For investors in the Buy-to-Let market, even during the pandemic, it's proven to be a very robust market.

What Does This Mean For 2021?

Now that the vaccine is rolling out and there's a light at the end of the Covid tunnel, we again hit a period of transition, this time back to some semblance of normality.
The reopening of the highstreets, the return to bars and the ability to holiday returning are all excellent signs for investors of all kinds, but property again looks to benefit from the "new normal"
As discussed earlier, holiday lets and short term lettings look to continue to shine in terms of demand and yields, as the public clamour to get away, mingle and unwind across the UK.
Likewise, for long term rentals, with the average time a property is on the market dropping to 14 days, the demand for quality homes shows no signs of slowing down.
The increase in house prices means that, for many, rentals are still the most affordable option and this increase in house prices is forecasted by Savills, to continue far beyond 2021.

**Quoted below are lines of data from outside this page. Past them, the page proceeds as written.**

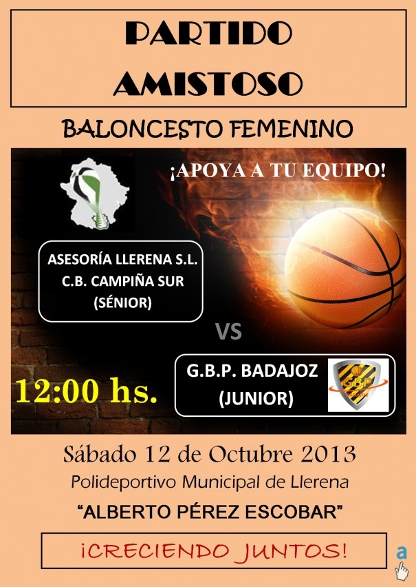 Mañana sábado 12 de octubre a las 12:00 hs., el equipo sénior femenino del "campiña" jugará partido amistoso en el Pabellón Municipal de Llerena "Alberto Pérez Escobar", frente al G.B.P. de Badajoz. Segundo partido amistoso de pretemporada de las "llerenitas", contra un rival de muchísima calidad, que el año pasado contabilizó sus partidos por victorias.
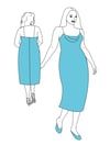 Printable layered pattern for bias cut midi dress in women sizes XS, S, M, L, XL or plus sizes 1XL, 2XL, 3XL, 4XL, 5XL to make from light to medium weight woven or knit material with no or low stretch percentage, for example linen, cotton, satin, silk, sequins, lace, velvet etc.
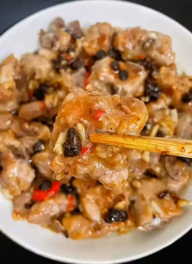 食材:排骨、豆豉、蒜末、辣椒
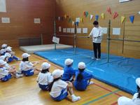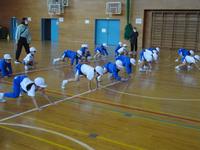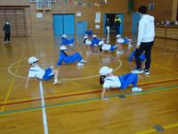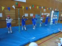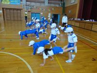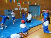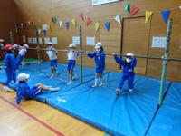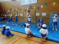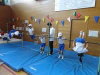 まずは、鉄棒に10秒ぶら下がれるように練習します。(腕を曲げて)

As a business, we have had a record year for property investments, reporting the busiest period in our history for investment sales, Investment Manager Michael Holliday has this to say on why Residential Estates and our investors have faired so well in such turbulent times:

"I believe this is down to a mixture of factors both internally and externally.
Externally – the market is buoyant with the help of the Governments interventions such as the stamp duty holiday and the fact that demand still far outweighs supply in the UK for property.
Internally – the variety of property for sale we have has helped enormously. We have tried to include a variety of investment opportunities for our clients as we appreciate there isn’t a one size fits all for investors.
There are those that like the traditional HMO market for instance and some that like the more ‘hands off’ rental guarantee model through PBSA (purpose built student property).
Without a doubt though, the most significant internal factor is our experience in the short term let/holiday let market.

As a company we have managed properties this way for over 12 years and we were doing it before the likes of AirBNB.
COVID has helped promote the staycation market tremendously and the fact we not only manage properties this way but also sell investment property with this model has led to a significant increase in sales.

The final factor worth mentioning for our recent success is the quality of our team.

All of our consultants have a vast amount of experience in the industry and our efficient aftersales/customer care team ensure every client is looked after."

2020, while difficult, has proven just how robust the property market is in the UK, and, with light now at the end of the tunnel, looks set to continue on an upwards trajectory.